Barracuda told CRN in an email Wednesday that it’s currently not providing details about who discovered the vulnerability initially.

Barracuda’s Email Security Gateway appliance was first introduced by the company in 2003 — originally as the Barracuda Spam Firewall — and it has become just the latest on-premises product to be targeted by attackers.

Microsoft Exchange environments — which the Barracuda appliance is often enlisted to protect — have themselves been among the most popular targets for attackers in recent years, thanks in part to a series of critical vulnerabilities in the systems.

The December ransomware attack against the Rackspace Hosted Exchange service, for instance, was enabled by a zero day exploit associated with an Exchange vulnerability (CVE-2022-41080). The attack saw hackers gain access to dozens of accounts, while tens of thousands lost access to their historical emails in the wake of the attack.

In September 2022, the latest remote code execution vulnerability in Exchange, known as “ProxyNotShell” (CVE-2022-41082), was disclosed by researchers. Prior critical Exchange vulnerabilities have included the four widely exploited bugs that were revealed in early 2021 as well as the ProxyShell vulnerability, disclosed in August 2021.

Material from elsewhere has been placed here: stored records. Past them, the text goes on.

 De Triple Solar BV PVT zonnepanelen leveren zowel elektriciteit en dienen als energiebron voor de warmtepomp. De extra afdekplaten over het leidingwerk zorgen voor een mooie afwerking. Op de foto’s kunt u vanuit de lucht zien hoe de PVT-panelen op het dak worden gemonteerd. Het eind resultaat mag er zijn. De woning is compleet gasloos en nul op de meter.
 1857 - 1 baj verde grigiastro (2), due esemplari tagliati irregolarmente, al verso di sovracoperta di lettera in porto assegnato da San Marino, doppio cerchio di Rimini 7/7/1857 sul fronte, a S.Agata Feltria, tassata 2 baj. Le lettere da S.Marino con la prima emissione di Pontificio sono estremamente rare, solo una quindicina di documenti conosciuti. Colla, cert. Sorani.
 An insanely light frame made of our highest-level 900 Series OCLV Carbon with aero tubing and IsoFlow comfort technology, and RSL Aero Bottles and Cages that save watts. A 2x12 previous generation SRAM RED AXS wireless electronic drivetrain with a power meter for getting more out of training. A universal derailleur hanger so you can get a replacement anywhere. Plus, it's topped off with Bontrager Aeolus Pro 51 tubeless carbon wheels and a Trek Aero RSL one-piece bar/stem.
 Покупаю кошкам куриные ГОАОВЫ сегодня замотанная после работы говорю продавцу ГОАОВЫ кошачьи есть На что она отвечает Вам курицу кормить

More recently, in the Fortra GoAnywhere attacks, the cybersecurity and business software vendor said that certain customers with on-premises deployments of the file transfer platform were “at an increased risk” from the attacks. The GoAnywhere vulnerability “was used against a small number of on-premise implementations running a specific configuration of the GoAnywhere MFT solution,” the company said in an April blog post. This occurred as far back as Jan. 18, Fortra said.

Hatem Naguib

Hatem Naguib

The Cloud Alternative

For Barracuda, a major source of growth has been around helping customers to transition to Microsoft 365 cloud-based email, CEO Hatem Naguib told CRN in a March interview. “We’ve been very successful at protecting our customers as they migrate to cloud. And for many of our customers, their first migration is the Office 365 journey,” he said.

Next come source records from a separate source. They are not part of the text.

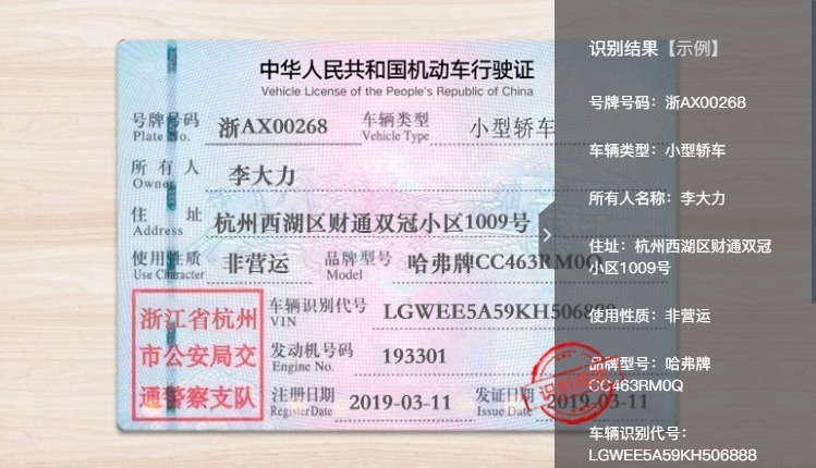 识别行驶证首页和副页关键字段内容,包括品牌型号、车辆类型、车牌号码、检验记录、核定载质量、核定载人数等信息
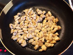 锅里倒少量油,加热后倒热腌好的鸡肉,等到鸡肉变色后盛出备用
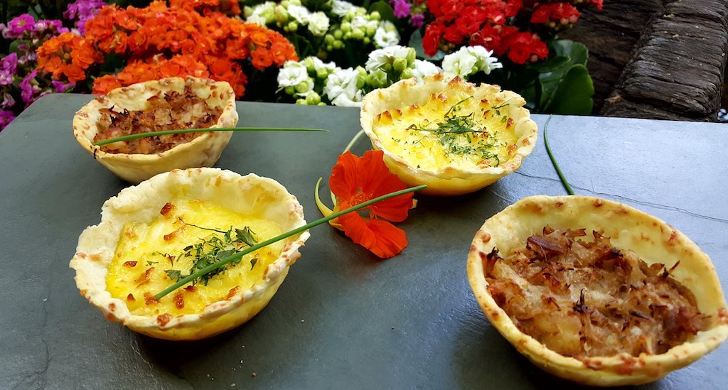 Divina Gula: Trem alagoano são quatro quiches de pão de queijo : duas recheadas com carne de sol e queijo coalho, e mais duas com queijos coalho e parmesão, e ervas.
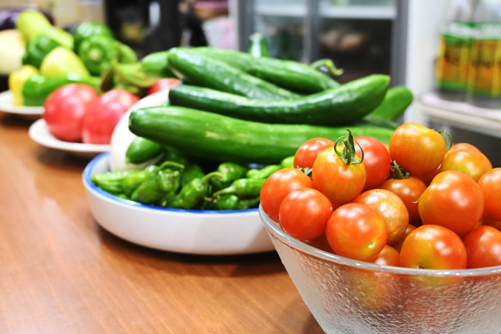 次は、にぐるまさんへ向かいます。おしどりさんから門前通りに戻って、松の家さんの角を曲がったところに、にぐるまさんはあります。表には、お花や苔のテラリウムが沢山飾ってあります。あとで大将に聞くとお花屋さんに間違えられることもあるとか。店内に入るとカウンターとボックス席が1つ。先ほどお邪魔したおしどりさんとはまた違った雰囲気の良さです。入ってすぐに目に入ってきたのは色とりどりの野菜たち。美味しそうな夏野菜がずらっと並んでいます。美味しそう~!にぐるまさんで使用する野菜の多くは、近所の農家さんからいただいたものなんだそうです。
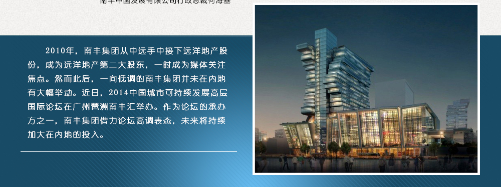 已在內地三亞、北京、大連等地有多個項目的南豐中國是南豐集團最接內地“地氣”的公司,也更為熟悉內地市場與政策。何海基認為當下中國城市可持續發展的趨勢使企業必須在做項目之前就考慮到幾年后買房及用辦公樓的人們對低碳、智慧等需求。【詳情】
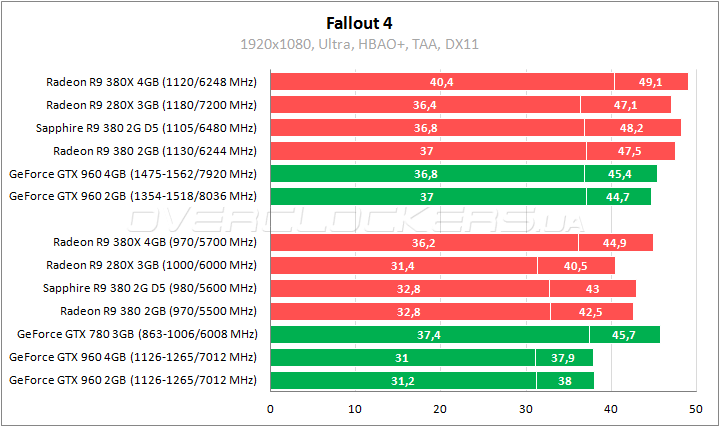 Около 1% выигрывает Sapphire у товарища в Fallout 4 и на 13% лучше по средней частоте кадров конкурента GeForce GTX 960. Приятно отметить, что изначально Radeon R9 380 производительнее Radeon R9 280X. Отставание Sapphire от Radeon R9 380X на уровне 4–10%. В разгоне герой обзора быстрее ускоренного видеоадаптера Radeon R9 280X и товарища по серии.

“We’ve been providing them the security [including] what we used to do in the old email gateway — when your email comes in, we’ll check it and [determine if] it’s a good email or a bad email. But now there’s a far more sophisticated set of security tools that leverages all of the components around where your data is sitting, who’s sending you what emails, at what time,” Naguib told CRN in March. “We’ve leveraged extensively, for a long period of time, machine learning and AI capabilities to help predict when customers were going to get [business email compromise] attacks … And more and more of our customers continue to adopt the solutions to prevent account takeover and the type of phishing attacks that they’re seeing. But also the ransomware, which is just completely dominating the small to medium enterprises.”

Ultimately, the company’s cloud email security platform “for us continues to expand and grow,” he said. “And it’s not just email now — it’s all collaboration. And it continues to be a really key component for what we drive for our customers.”